= Modeling and Analysis of Real Time and Embedded systems =

Modeling and Analysis of Real Time and Embedded systems also known as MARTE is the OMG standard for modeling real-time and embedded applications with UML2.

== Description ==
The UML modeling language has been extended by the OMG consortium to support model-driven development of real-time and embedded application. This extension has been defined via a UML2 profile called MARTE (Modeling and Analysis of Real-Time and Embedded systems). It consists mainly of four parts:
- a core framework defining the basic concepts required to support real-time and embedded domain.
- a first specialization (refinement) of this core package to support pure modeling of applications (e.g. hardware and software platform modeling).
- a second specialization (refinement) of this core package to support quantitative analysis of UML2 models, specially schedulability and performance analysis.
- a last part gathering all the MARTE annexes such as the one defining a textual language for value specification within UML2 models, and the one conflating the standard MARTE model libraries dedicated to RT/E system modeling.

The MARTE specification is publicly available on the OMG web site.
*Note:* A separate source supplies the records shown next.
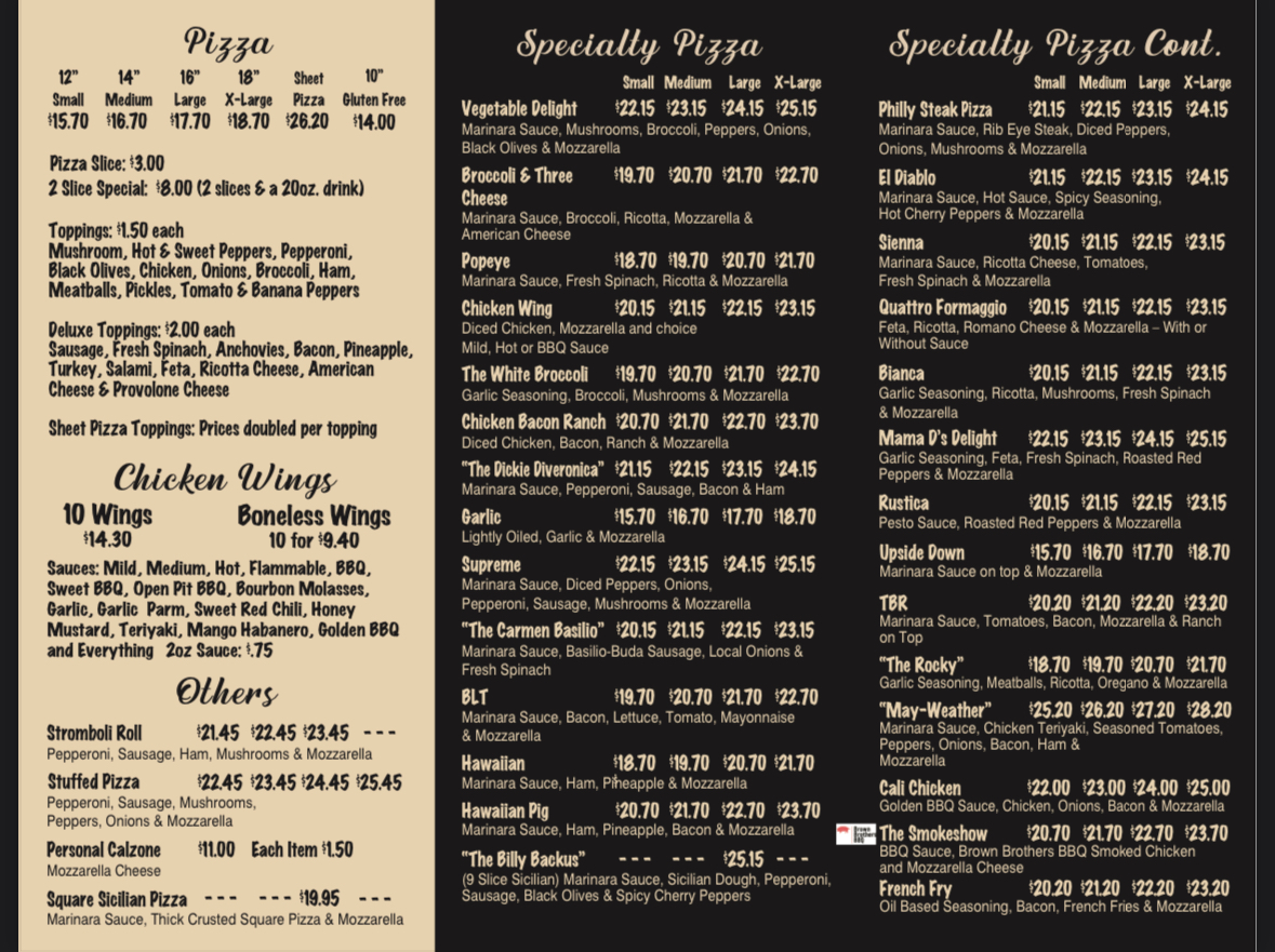 Joe’s New York Pizzeria Menu (2025 Update)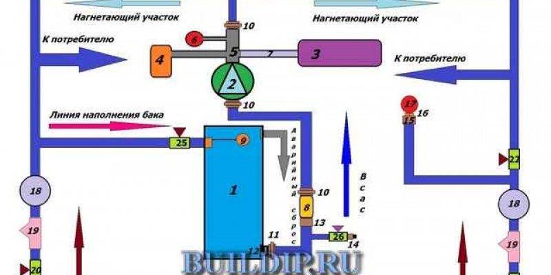 Схема водоснабжения дома с накопительным баком Представленная схема легко интегрируется в существующую трубную разводку как в водоснабжение с одним центральным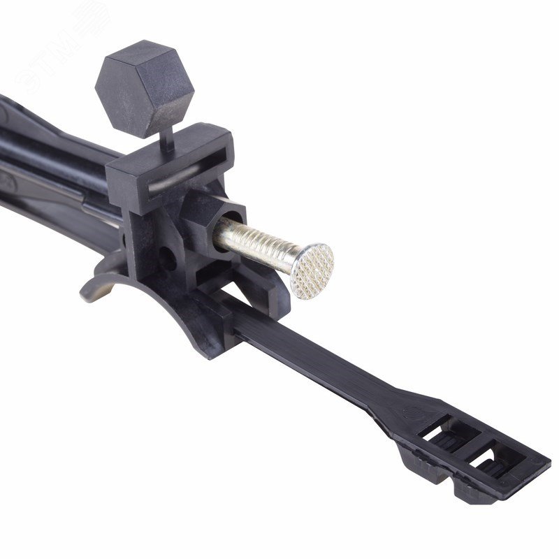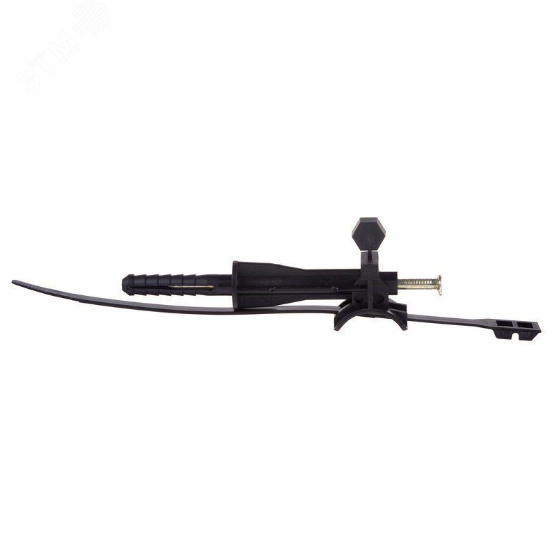 Предназначено для монтажа проводов СИП всех типов вдоль стен и опор ЛЭП. Диаметр пучка проводов 25-60 мм. Крепление изготовлено из атмосферо- и ультрафиолетостойкого диэлектрического полимера, армированного стекловолокном. Расстояние от провода до фасада здания 60 мм. Гвоздь изготовлен из стали горячего оцинкования. Для крепления на деревянном фасаде необходимо срезать ножом концевую часть крепления.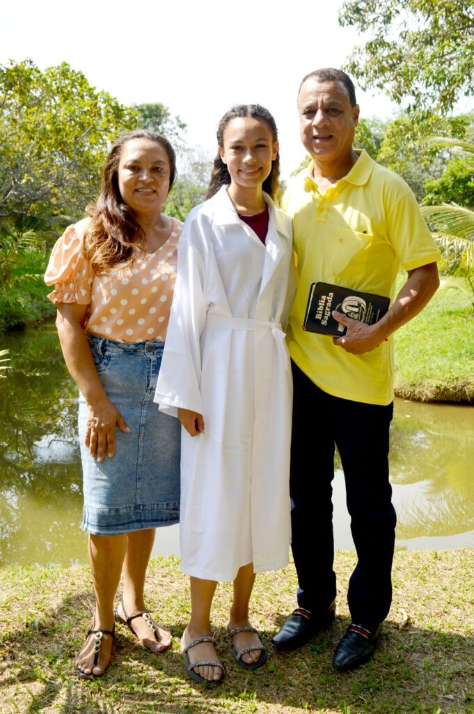 O Presbítero Wilson Barbosa de Oliveira e sua esposa, Alaíde Marques de Oliveira, sentem-se realizados e felizes ao testemunhar o batismo de sua filha, Kamile Marques de Oliveira. Eles compartilham: “É uma imensa alegria ver nossa filha sendo batizada, especialmente em um momento em que tantos jovens estão se perdendo na perdição e nas drogas. Ficamos profundamente felizes ao vê-la trilhando o caminho da igreja e servindo a Deus. Isso representa uma honra significativa para nós, servir a Deus e testemunhar o envolvimento de nossa família nesse propósito. Expressamos nossa profunda gratidão a Deus. Muito obrigado, que Deus abençoe a todos.”

Currently, two open-source tools are available for system modeling using the MARTE profile: Modelio provides an open source modeling environment for designing high level UML models using the MARTE profile, and also provides guidelines on the utilization of MARTE profile; while an open-source implementation based on Eclipse of the MARTE profile is available in Papyrus UML. This latter is running within the Eclipse UML2 plug-in and within the open-source tool for UML2 Papyrus.

== Core ==
The core part of MARTE is made of five chapters.
- CoreElements;
- Non-Functional Properties: This chapter specifies some notations to define various kinds of values related to physical quantities: time, mass, energy;
- Time: This chapter defines a rich model of time that supports both the definition of physical and logical time properties;. It comes with a companion language called CCSL defined as an annex.
- Generic Resource Modeling: This chapter offers extensions required to model a general platform for executing real-time embedded applications;
- Allocation Modeling: Finally, this chapter defines a notion of allocation to allocate application elements onto the execution platforms. A specific attention has been given to maintain compatibility with SysML allocation mechanism.